Exercise brief
Extract the opening line of the entries and every line after it, stopping at and including the line that contains "Wir trauern um: Schwarzmüller". Do not include pictures.
---------- Records to use ----------
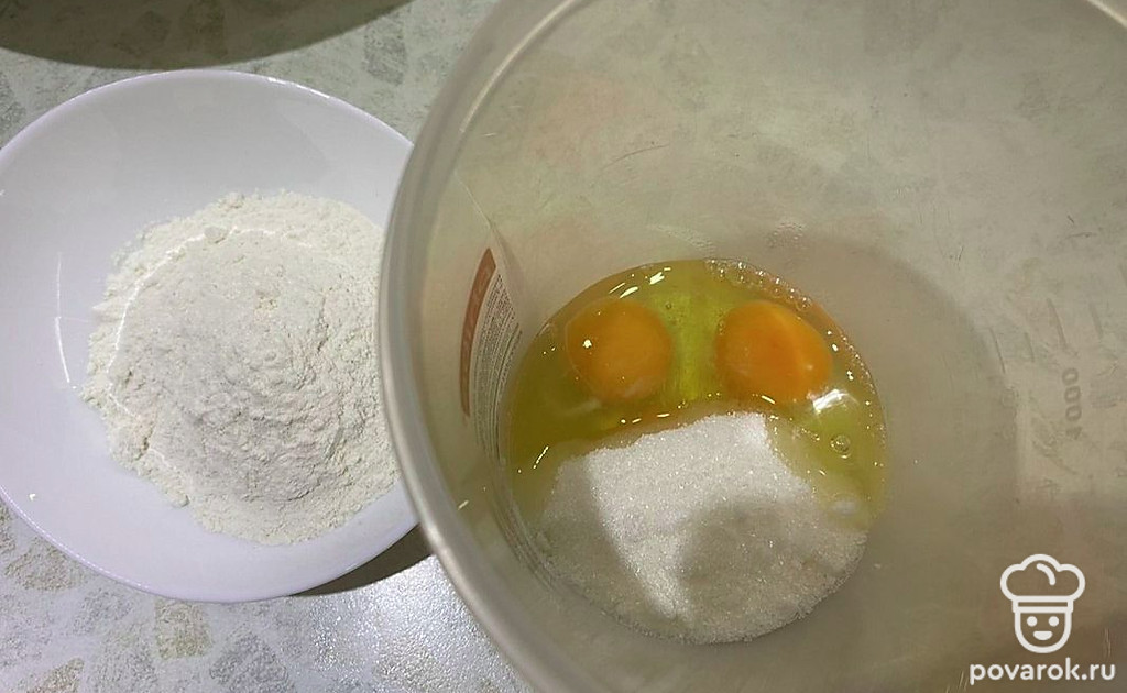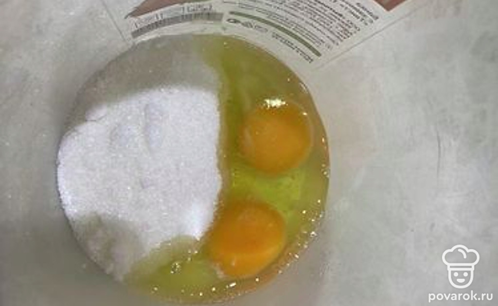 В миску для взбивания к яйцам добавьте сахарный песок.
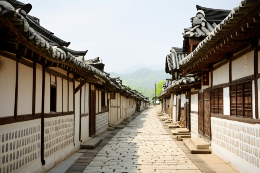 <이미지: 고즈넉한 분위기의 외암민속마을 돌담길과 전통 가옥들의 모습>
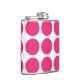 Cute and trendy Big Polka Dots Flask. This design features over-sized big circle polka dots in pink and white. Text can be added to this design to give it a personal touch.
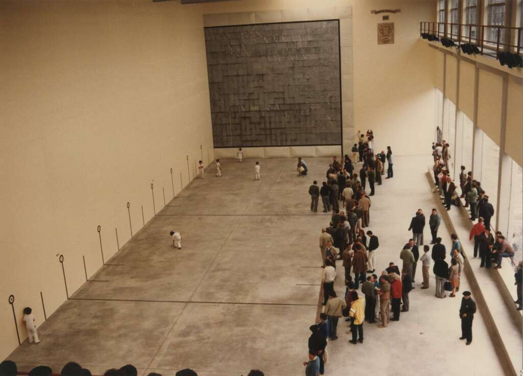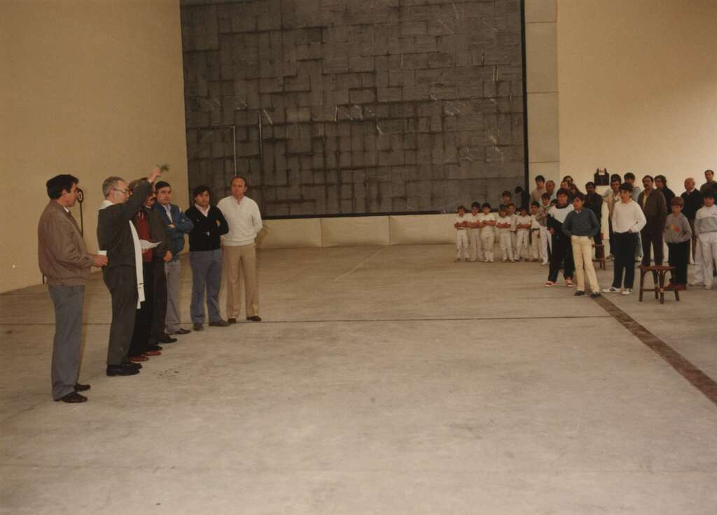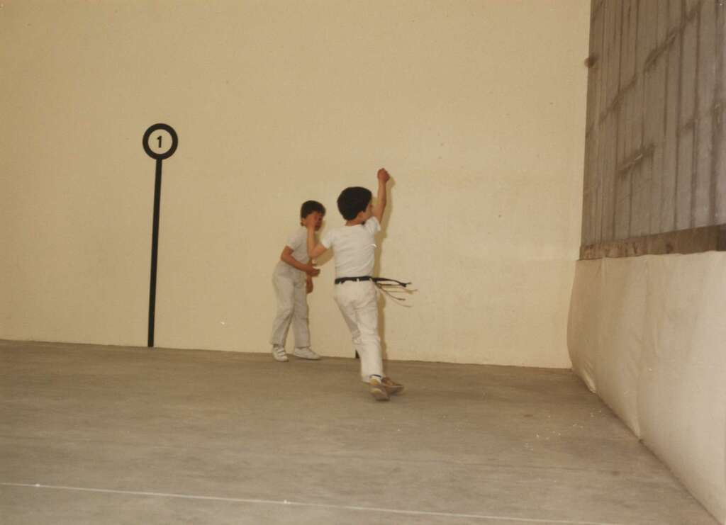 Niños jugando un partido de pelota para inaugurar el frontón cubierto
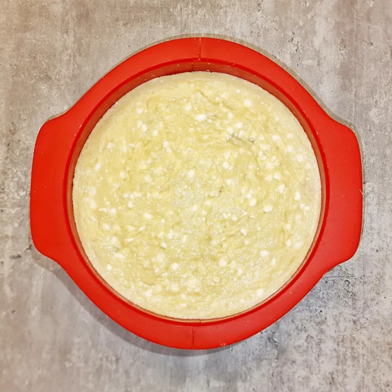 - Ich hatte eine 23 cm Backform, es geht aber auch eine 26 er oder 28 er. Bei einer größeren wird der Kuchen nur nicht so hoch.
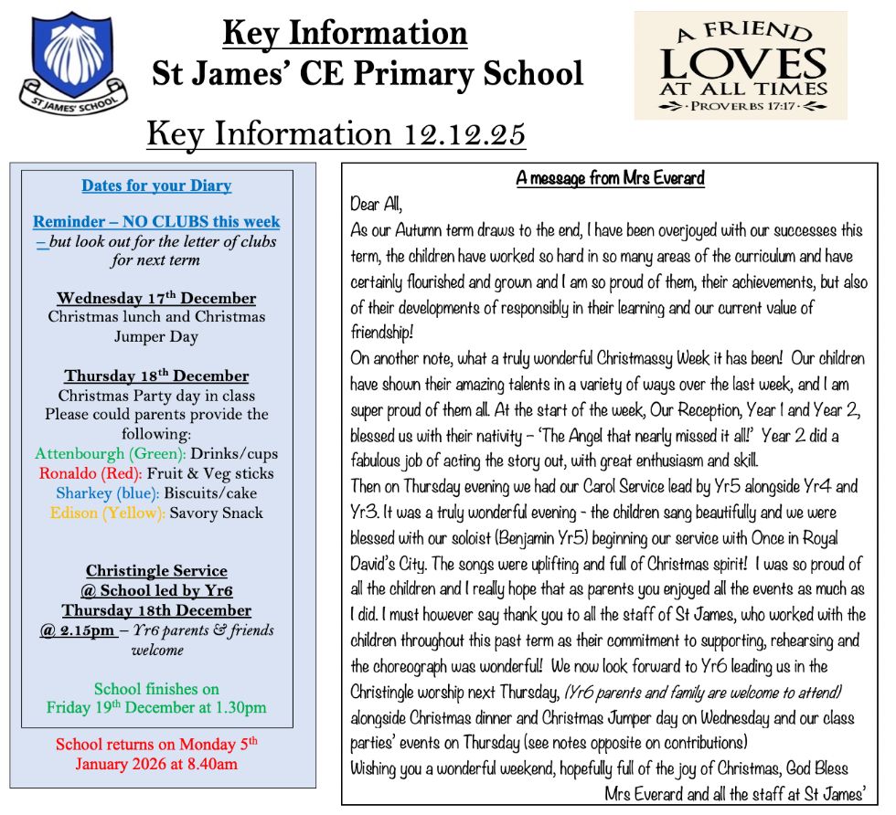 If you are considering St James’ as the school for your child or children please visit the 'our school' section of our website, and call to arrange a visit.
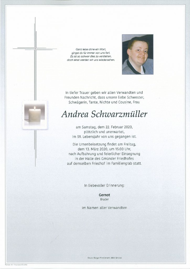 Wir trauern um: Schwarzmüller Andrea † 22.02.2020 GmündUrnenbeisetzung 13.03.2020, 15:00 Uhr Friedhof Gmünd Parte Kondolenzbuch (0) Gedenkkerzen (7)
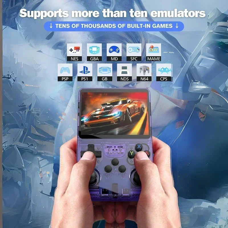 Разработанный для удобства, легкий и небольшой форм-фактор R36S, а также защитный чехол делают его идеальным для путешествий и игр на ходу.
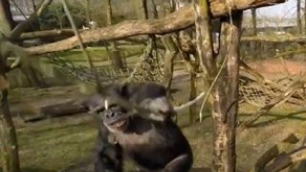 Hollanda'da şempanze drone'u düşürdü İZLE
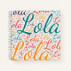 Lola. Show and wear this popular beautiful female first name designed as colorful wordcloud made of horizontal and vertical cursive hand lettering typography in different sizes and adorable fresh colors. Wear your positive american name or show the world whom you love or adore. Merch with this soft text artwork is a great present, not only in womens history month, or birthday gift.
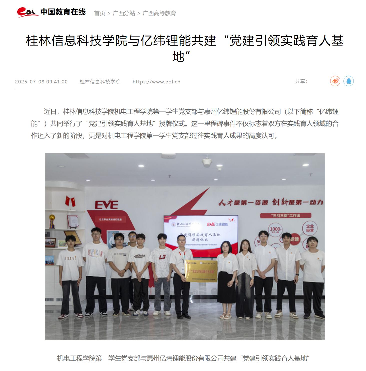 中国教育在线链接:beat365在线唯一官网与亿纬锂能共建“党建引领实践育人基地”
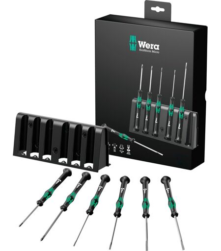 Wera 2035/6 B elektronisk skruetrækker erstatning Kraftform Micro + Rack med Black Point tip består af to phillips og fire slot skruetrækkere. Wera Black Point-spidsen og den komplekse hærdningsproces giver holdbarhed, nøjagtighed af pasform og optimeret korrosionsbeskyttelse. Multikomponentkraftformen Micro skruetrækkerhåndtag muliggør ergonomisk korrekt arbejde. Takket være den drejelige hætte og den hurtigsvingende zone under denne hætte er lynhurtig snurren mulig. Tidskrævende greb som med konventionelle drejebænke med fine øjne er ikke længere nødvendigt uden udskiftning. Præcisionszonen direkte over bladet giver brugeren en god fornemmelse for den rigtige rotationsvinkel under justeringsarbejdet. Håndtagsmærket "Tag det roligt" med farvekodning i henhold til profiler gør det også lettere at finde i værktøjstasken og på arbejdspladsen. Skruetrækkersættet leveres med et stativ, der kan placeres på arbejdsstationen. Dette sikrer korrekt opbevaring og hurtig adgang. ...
----------
Exercise answer
 В миску для взбивания к яйцам добавьте сахарный песок.
 <이미지: 고즈넉한 분위기의 외암민속마을 돌담길과 전통 가옥들의 모습>
 Cute and trendy Big Polka Dots Flask. This design features over-sized big circle polka dots in pink and white. Text can be added to this design to give it a personal touch.
 Niños jugando un partido de pelota para inaugurar el frontón cubierto
 - Ich hatte eine 23 cm Backform, es geht aber auch eine 26 er oder 28 er. Bei einer größeren wird der Kuchen nur nicht so hoch.
 If you are considering St James’ as the school for your child or children please visit the 'our school' section of our website, and call to arrange a visit.
 Wir trauern um: Schwarzmüller Andrea † 22.02.2020 GmündUrnenbeisetzung 13.03.2020, 15:00 Uhr Friedhof Gmünd Parte Kondolenzbuch (0) Gedenkkerzen (7)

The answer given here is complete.